=== DATASET RECORDS ===

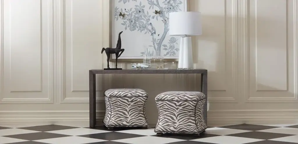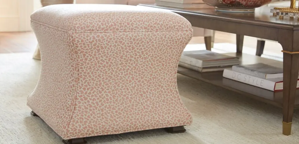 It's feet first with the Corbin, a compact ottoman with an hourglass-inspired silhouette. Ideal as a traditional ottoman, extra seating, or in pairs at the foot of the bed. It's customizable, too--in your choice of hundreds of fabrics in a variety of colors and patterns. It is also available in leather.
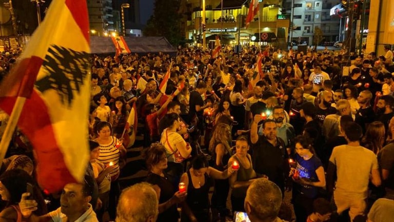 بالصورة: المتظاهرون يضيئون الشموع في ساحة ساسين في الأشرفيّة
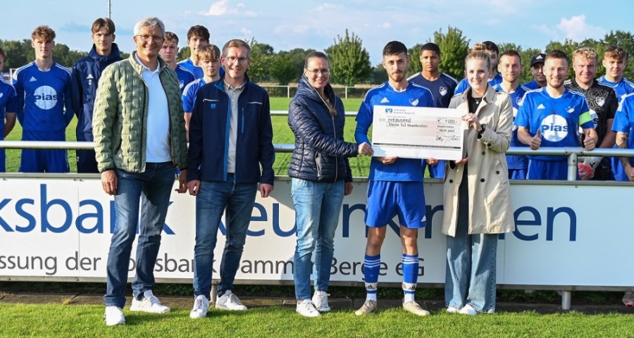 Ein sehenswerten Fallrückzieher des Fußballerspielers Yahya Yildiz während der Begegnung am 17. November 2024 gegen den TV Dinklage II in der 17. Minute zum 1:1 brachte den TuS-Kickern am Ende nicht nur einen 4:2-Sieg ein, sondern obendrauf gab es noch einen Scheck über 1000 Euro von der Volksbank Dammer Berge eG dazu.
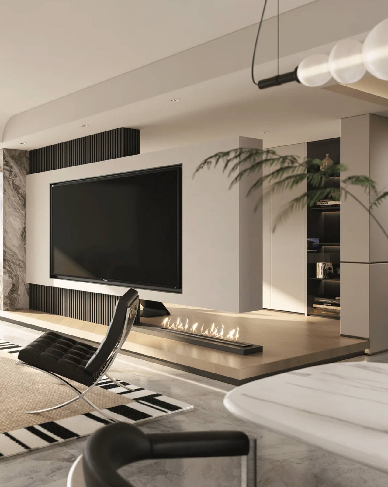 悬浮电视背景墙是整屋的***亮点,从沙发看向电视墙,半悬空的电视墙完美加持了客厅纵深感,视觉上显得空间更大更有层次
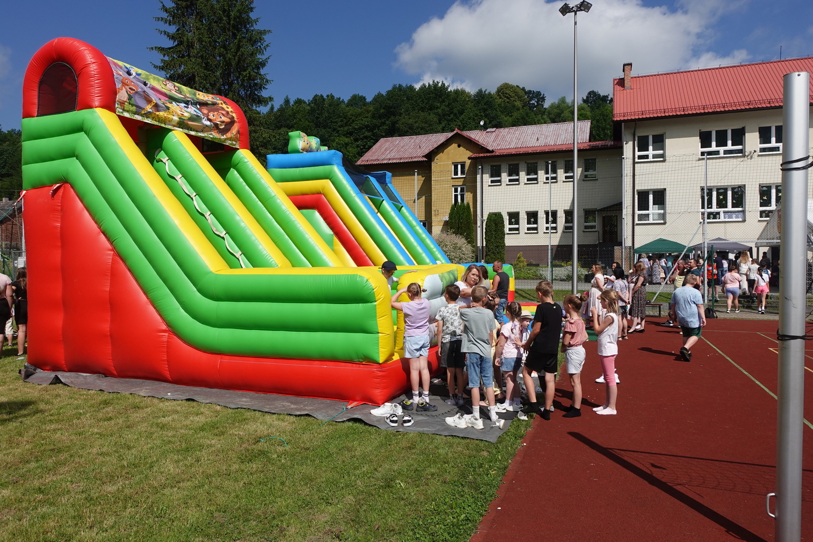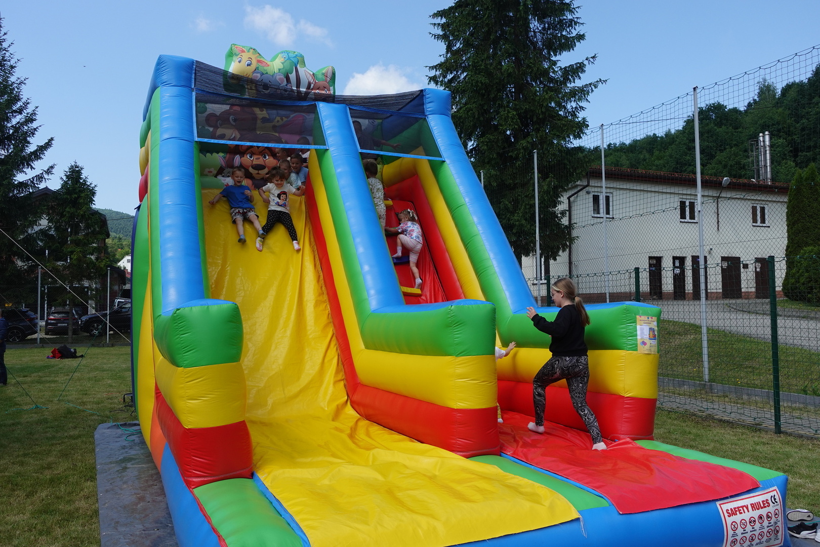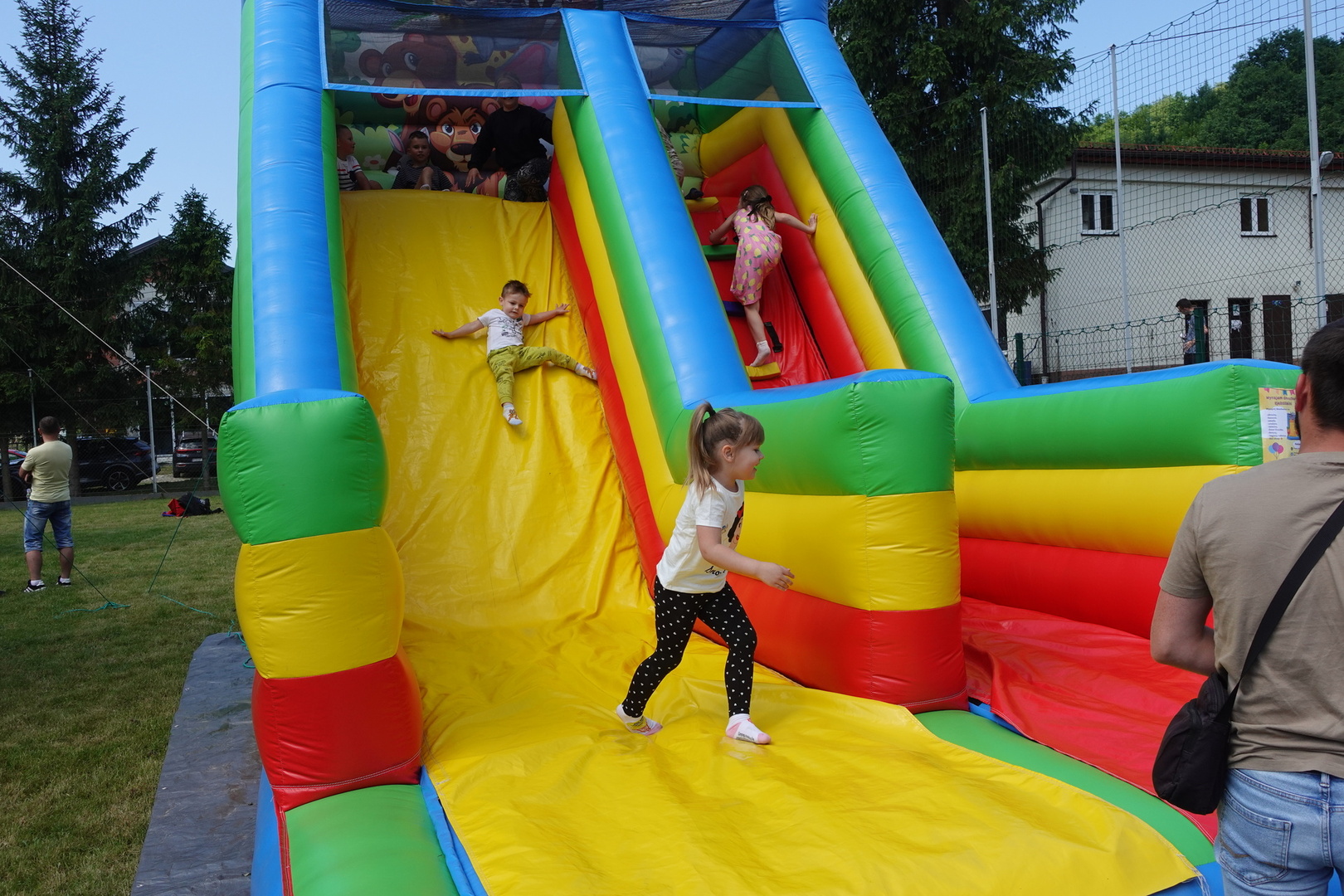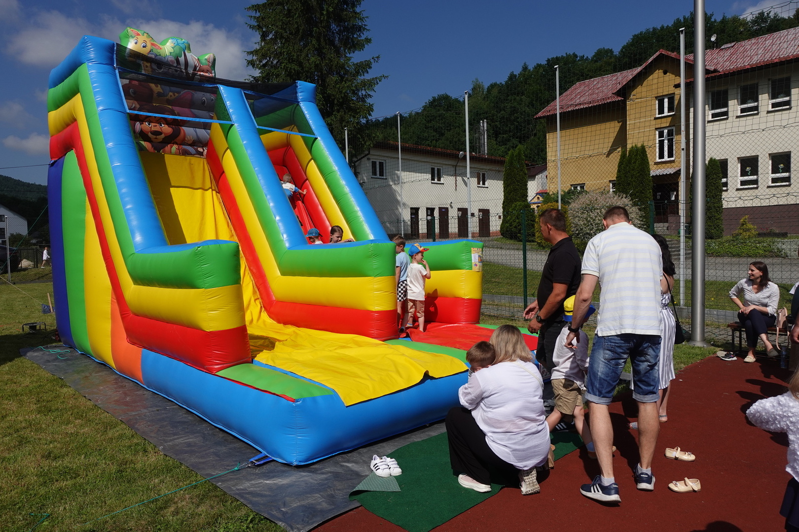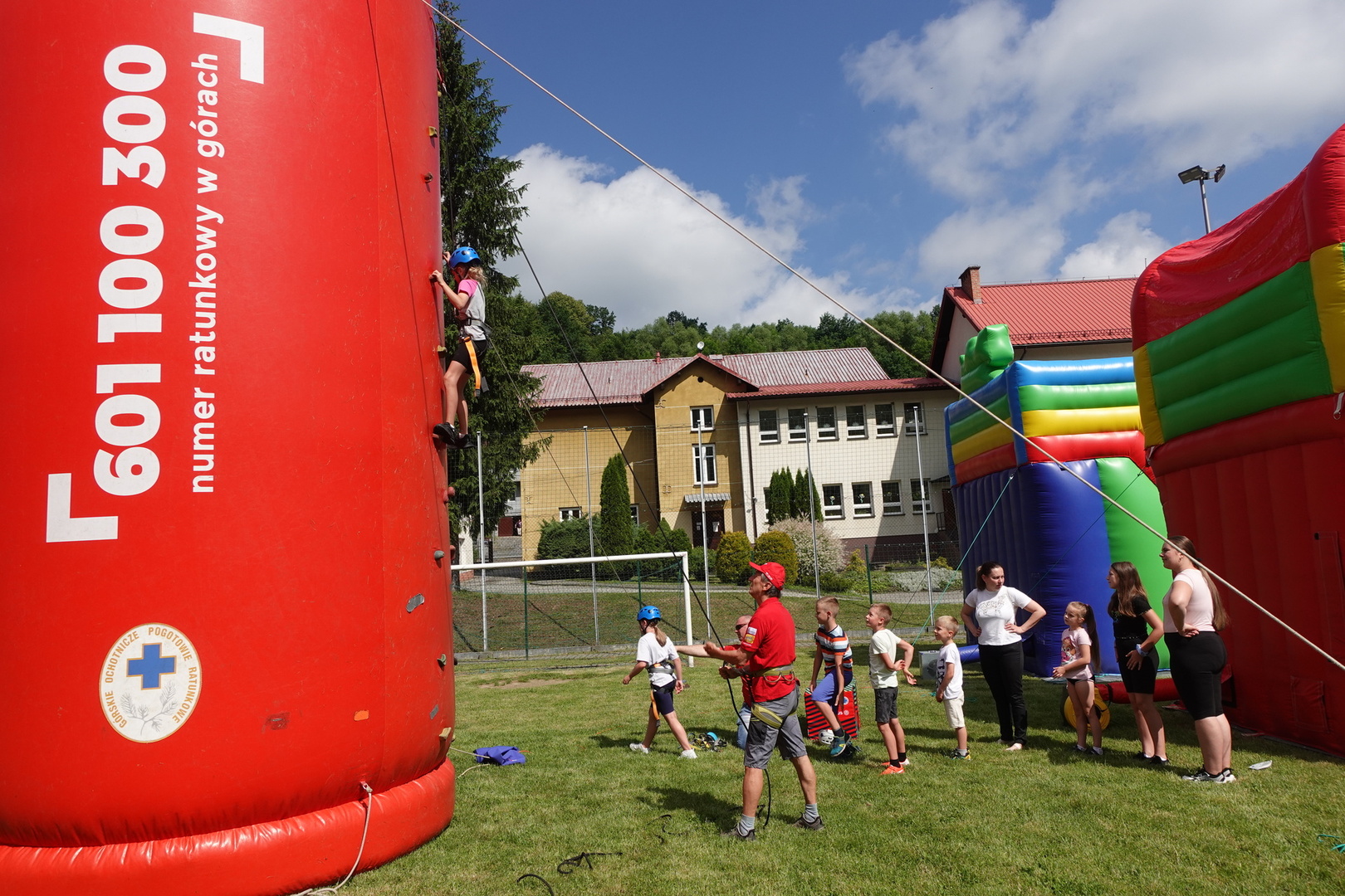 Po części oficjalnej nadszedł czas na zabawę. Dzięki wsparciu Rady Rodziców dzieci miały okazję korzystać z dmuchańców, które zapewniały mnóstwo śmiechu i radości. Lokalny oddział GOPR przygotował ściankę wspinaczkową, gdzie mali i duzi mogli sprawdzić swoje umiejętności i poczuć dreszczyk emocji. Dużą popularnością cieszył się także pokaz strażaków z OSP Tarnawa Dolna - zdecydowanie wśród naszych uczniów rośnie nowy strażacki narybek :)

===

* **EXERCISE GOAL**: Each record above, in full: return it exactly, pictures excluded.

* **YOUR RESPONSE**:
 It's feet first with the Corbin, a compact ottoman with an hourglass-inspired silhouette. Ideal as a traditional ottoman, extra seating, or in pairs at the foot of the bed. It's customizable, too--in your choice of hundreds of fabrics in a variety of colors and patterns. It is also available in leather.
 بالصورة: المتظاهرون يضيئون الشموع في ساحة ساسين في الأشرفيّة
 Ein sehenswerten Fallrückzieher des Fußballerspielers Yahya Yildiz während der Begegnung am 17. November 2024 gegen den TV Dinklage II in der 17. Minute zum 1:1 brachte den TuS-Kickern am Ende nicht nur einen 4:2-Sieg ein, sondern obendrauf gab es noch einen Scheck über 1000 Euro von der Volksbank Dammer Berge eG dazu.
 悬浮电视背景墙是整屋的***亮点,从沙发看向电视墙,半悬空的电视墙完美加持了客厅纵深感,视觉上显得空间更大更有层次
 Po części oficjalnej nadszedł czas na zabawę. Dzięki wsparciu Rady Rodziców dzieci miały okazję korzystać z dmuchańców, które zapewniały mnóstwo śmiechu i radości. Lokalny oddział GOPR przygotował ściankę wspinaczkową, gdzie mali i duzi mogli sprawdzić swoje umiejętności i poczuć dreszczyk emocji. Dużą popularnością cieszył się także pokaz strażaków z OSP Tarnawa Dolna - zdecydowanie wśród naszych uczniów rośnie nowy strażacki narybek :)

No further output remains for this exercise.